Queensland Heritage Register
- Official name: Eulalia
- Type: state heritage (landscape, built)
- Designated: 21 October 1992
- Reference no.: 600269
- Significant period: 1880s (fabric) 1880–1920s (historical)
- Significant components: garden/grounds, croquet lawn, service wing, carriage way/drive, cellar, trees/plantings, tank stand, lead light/s, garden – coral, residential accommodation – main house

= Eulalia, Norman Park =

Eulalia is a heritage-listed villa at 75 McIllwraith Avenue, Norman Park, Queensland, Australia. It was built in 1889. It was added to the Queensland Heritage Register on 21 October 1992.

== History ==
Eulalia is a single-storeyed brick house which was constructed in 1889. The land on which the house stands was first bought by August Dimper who purchased 88 acre in 1860. In 1888, the land was further subdivided and 22 acre was purchased by Patrick Real.

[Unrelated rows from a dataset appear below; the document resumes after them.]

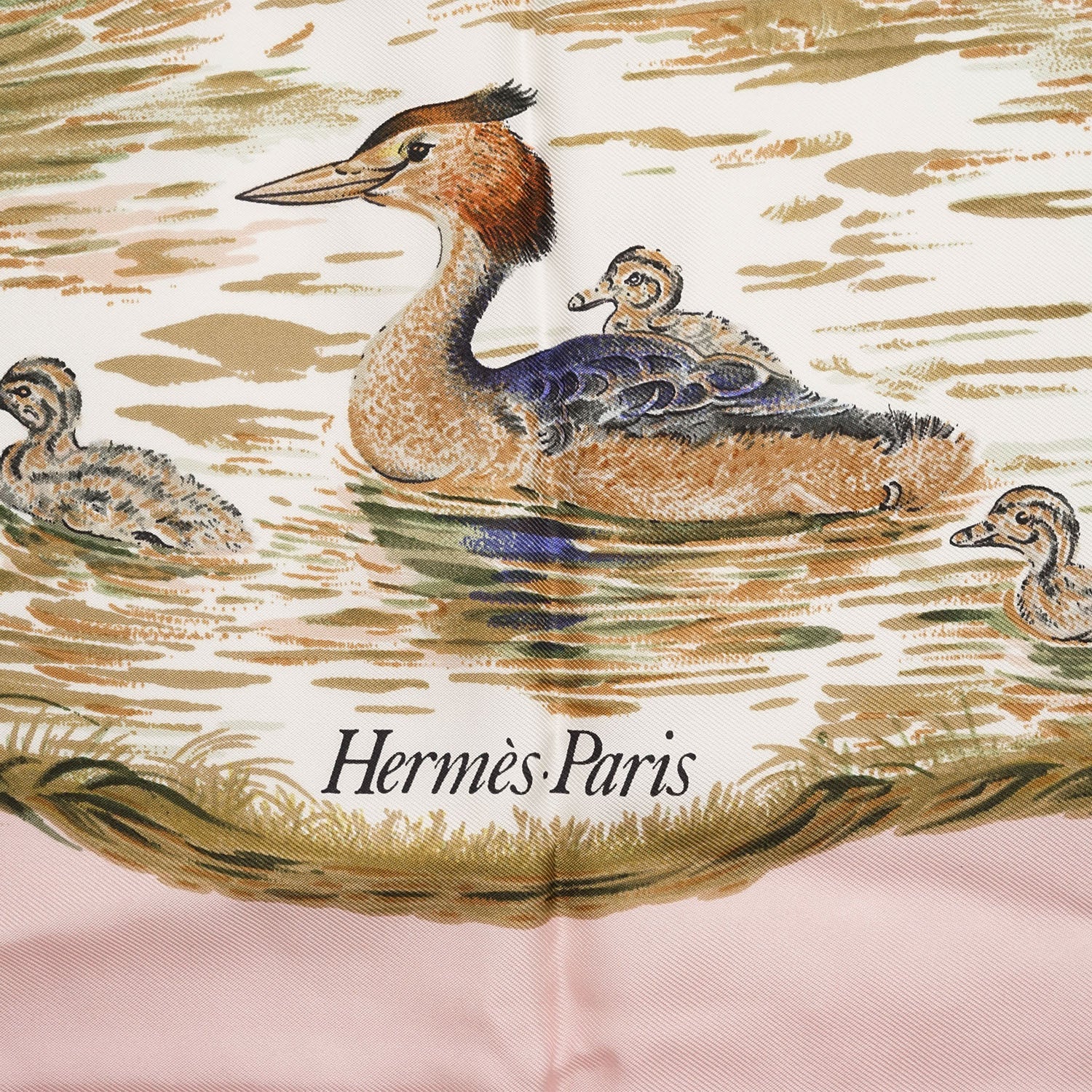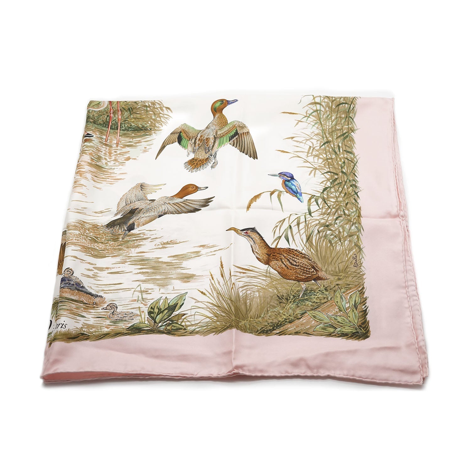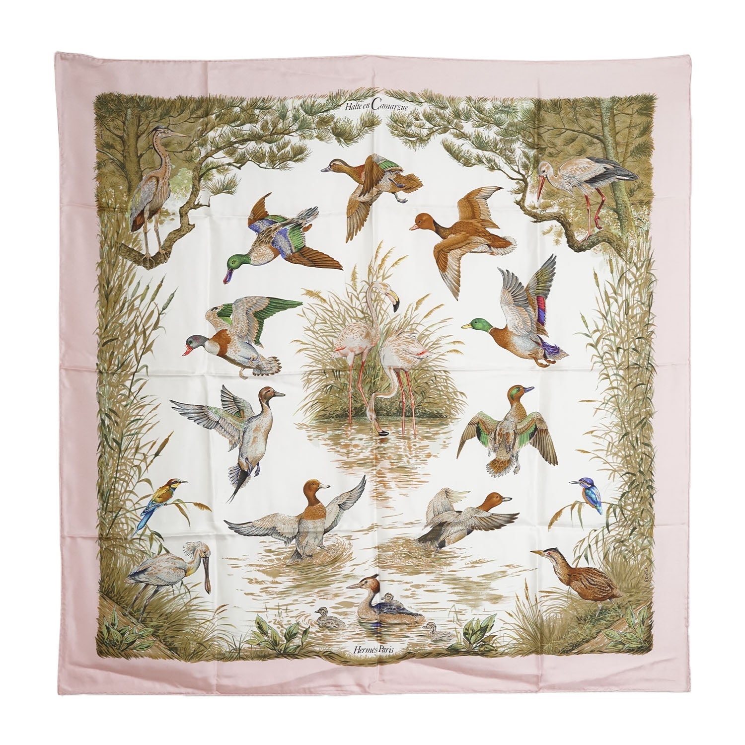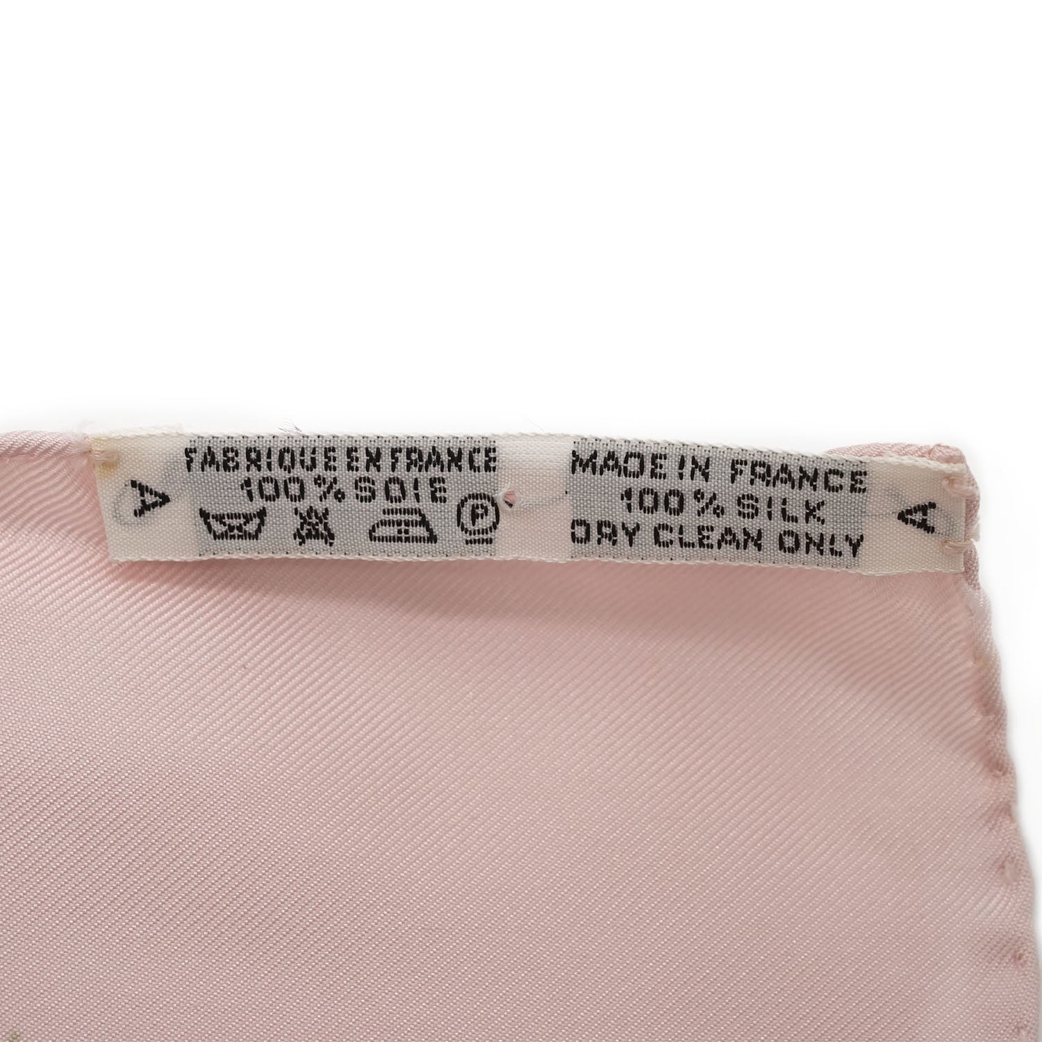 Halte en Camargue Silk Carre 90 Pink SilkHeight: 89cmWidth: 88cmStain: Faint stains on the front/bottom (white section)Tear: Minor tear on the brand tag (undone stitch)Serial code: A A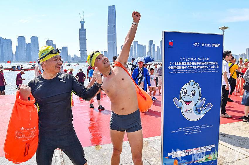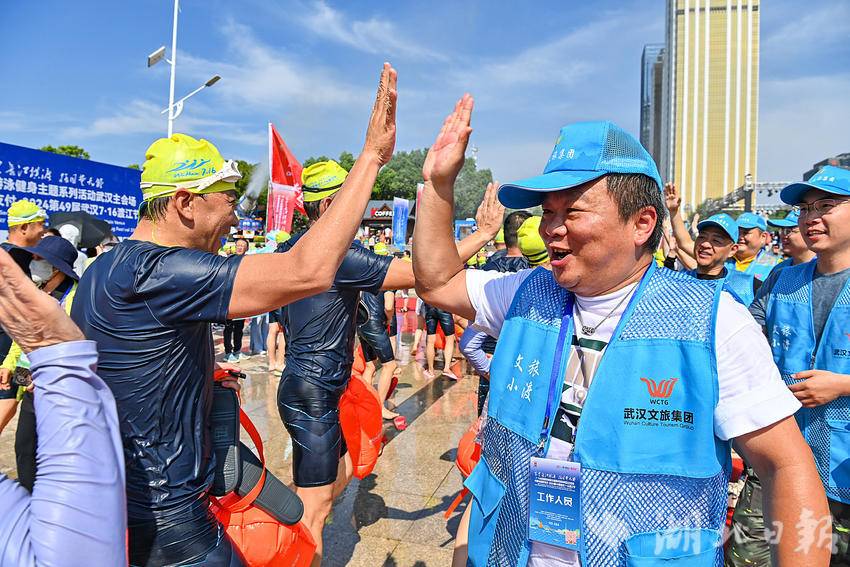 当日,2024第49届武汉7·16渡江节在武汉市武昌区鸣枪开赛,千余名运动健儿气宇轩昂乘风破浪,浩浩荡荡横渡长江;两江四岸观众云集,岸边的工作人员与观众响起热烈掌声。本届渡江节旨在传承与弘扬武汉渡江精神与渡江文化,并庆祝第16个国家全民健身日。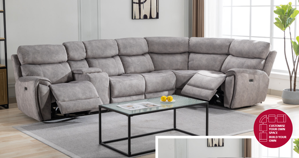 Phoenix Media Modular Grey Fabric Electric Recliner Corner Sofa | Exclusive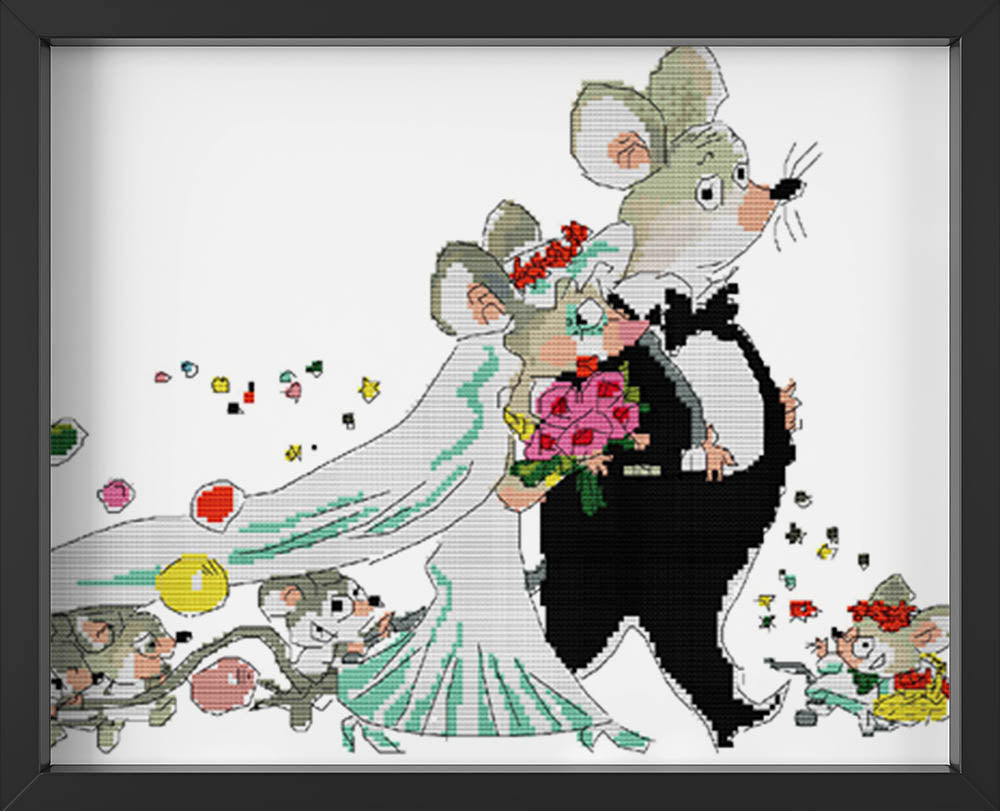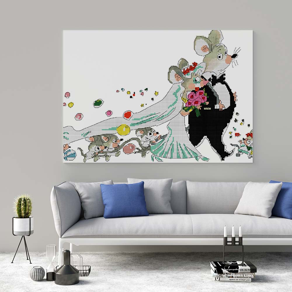 Kreuzstich -  Hochzeit süße Mäuse | 60x30 cm - Diy - Fadenkunst

In the following year Real employed Brisbane architects, John Hall & Sons to design a house for the site and Morley Whitehead of Ipswich were subsequently contracted to build Eulalia, a Greek word meaning speaking well of everybody. At this period, John Smith Murdoch was employed in the office of John Hall and Sons and it is possible that he may have been the designer for Eulalia.

Patrick Real was the son of impoverished Irish emigrants and left school at twelve to become an apprentice carpenter and later to work at the North Ipswich Railway Workshops. After deciding on a legal career, he studied law and was admitted to the bar at the age of twenty-seven. By the time he built Eulalia in 1889, his practice was one of the largest in Queensland. Real was appointed to the Supreme Court of Queensland bench in 1890 and in 1903 he became Senior Puisne Judge. He retired in 1922 and died in 1928.

After Real's death, the house was closed and left vacant for a decade during which time it fell victim to vandals and the weather, becoming known locally as the haunted house. Most of the land had been subdivided and sold by 1925 leaving a property of about 2.2 ha surrounding the house.

In 1938 Eulalia was bought by Stanley and Sheilah Hancock who restored the property, discovering many items in the gardens where they had been discarded by vandals, and re-instating them in the house.

The Hancock family first arrived in Queensland when they moved from Sydney to Ipswich in the late 1850s. The family established a successful timber milling business which involved five generations of the Hancock family and continued until the late 1970s. Stanley Hancock was president of the National Trust of Queensland from 1974 to 1978. This was a period when a number of National Trust of Queensland properties were established including Bellevue Homestead, Claremont and Brennan & Geraghtys Store.

Whilst Eulalia was a family home for the Hancocks, they also used it as a venue for fundraising functions for a number of Brisbane charities.

This "public" use of Eulalia was further expanded in 1965, when the Hancocks established Early Street Historical Village in the grounds of Eulalia. The establishment of the Village is the earliest known example of the Queensland practice of creating "historical villages" by moving various buildings to one central site. It is therefore demonstrative of the development of conservation practice and theory in Queensland.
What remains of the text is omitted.